[DATA EXCERPT]

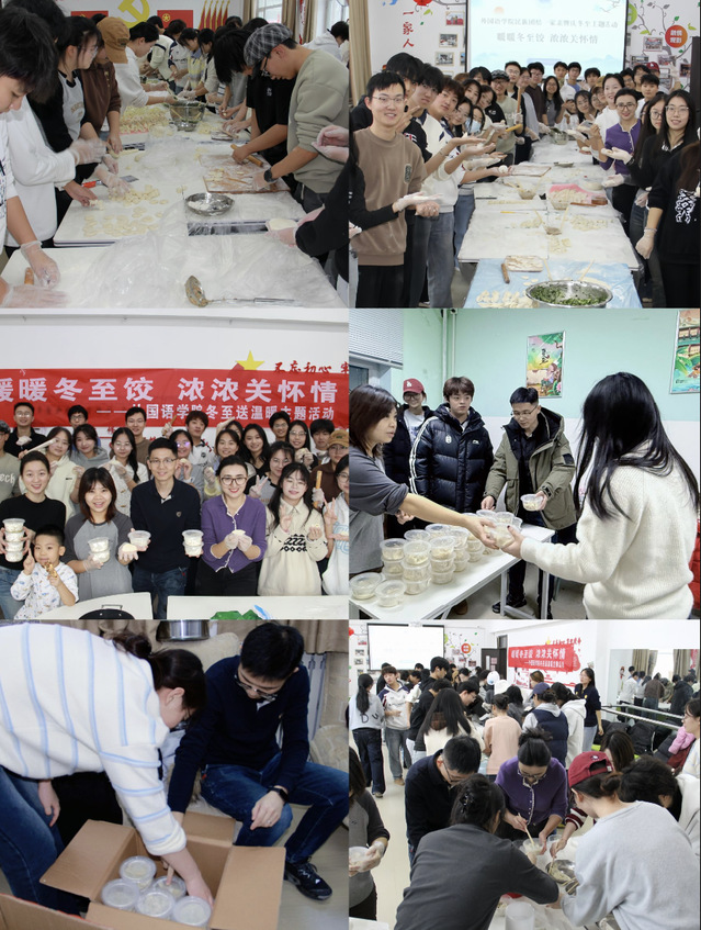 12月21日,学办老师与团委学生会干部携手包制饺子,饺子煮熟后,大家迅速分装打包,带着满满的心意前往各学生宿舍。不仅让学子们在校园中度过了一个温馨的传统节日,更以实际行动拉近了学院与学生的距离,让外国语学院的学子们在冬日里收获了满满的幸福感与归属感。
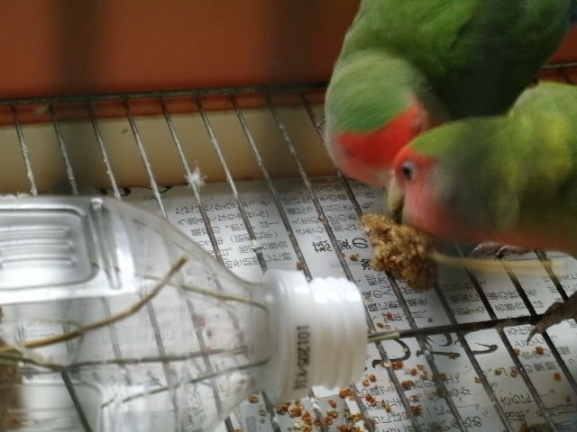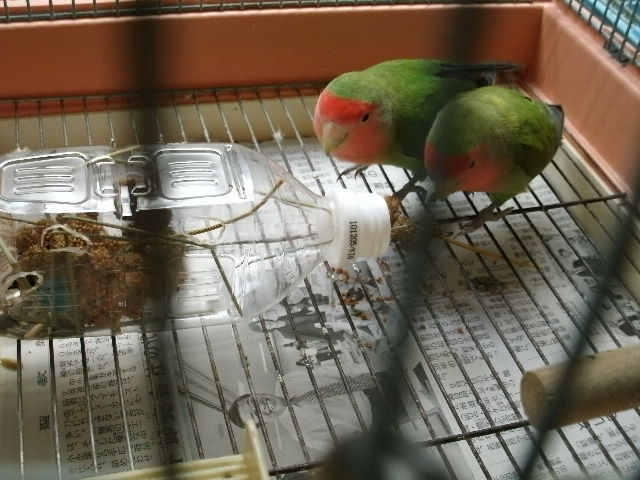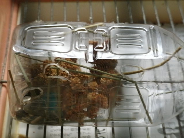 ので、と、と、と、とりあえず中身が丸見えのペットボトルに適当な穴開けて、粟穂さんやイグサさん、高脂肪のひまわりさんやら鈴、ビーズを入れて置いてみた。フタは無しでね~
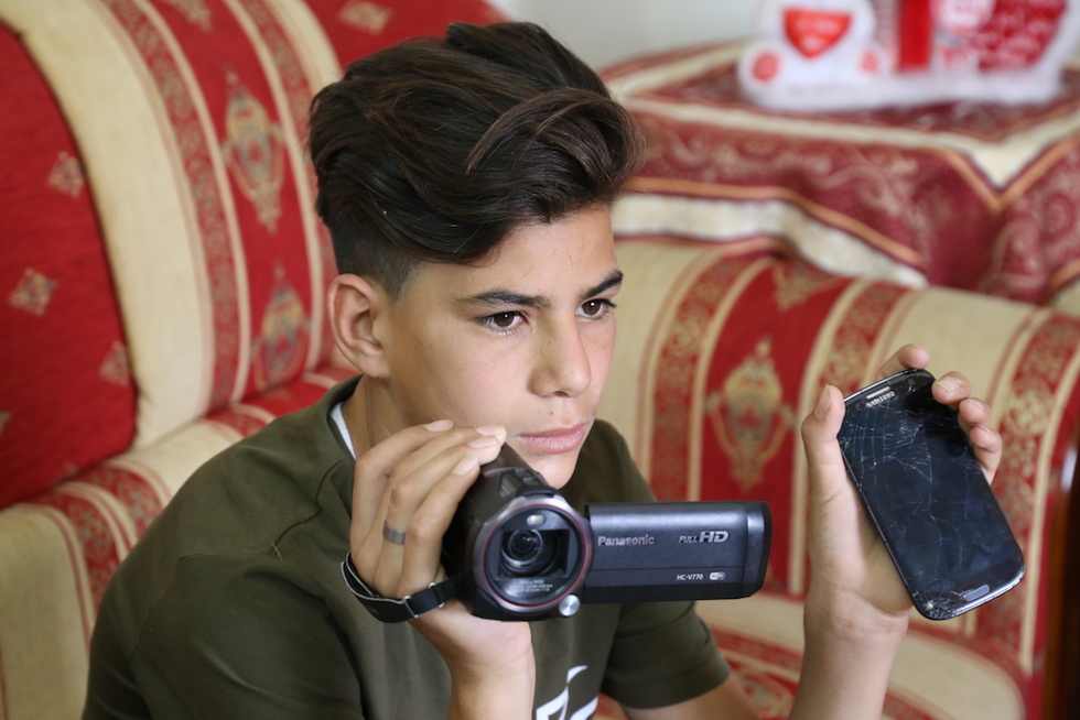 Pointing to the cameras and shattered phone in his son Ameer's hand, Jaber said defiantly: “They have their guns which they say they use to protect their people. But we have our cameras, which we use to protect our people.”

[/DATA EXCERPT]

• WHAT IS REQUIRED
Take the line that holds "ので、と、と、と、とりあえず" as the start and the last line of the data as the end. Copy only those lines exactly, both ends included, except the pictures.

• WRITTEN REPLY
 ので、と、と、と、とりあえず中身が丸見えのペットボトルに適当な穴開けて、粟穂さんやイグサさん、高脂肪のひまわりさんやら鈴、ビーズを入れて置いてみた。フタは無しでね~
 Pointing to the cameras and shattered phone in his son Ameer's hand, Jaber said defiantly: “They have their guns which they say they use to protect their people. But we have our cameras, which we use to protect our people.”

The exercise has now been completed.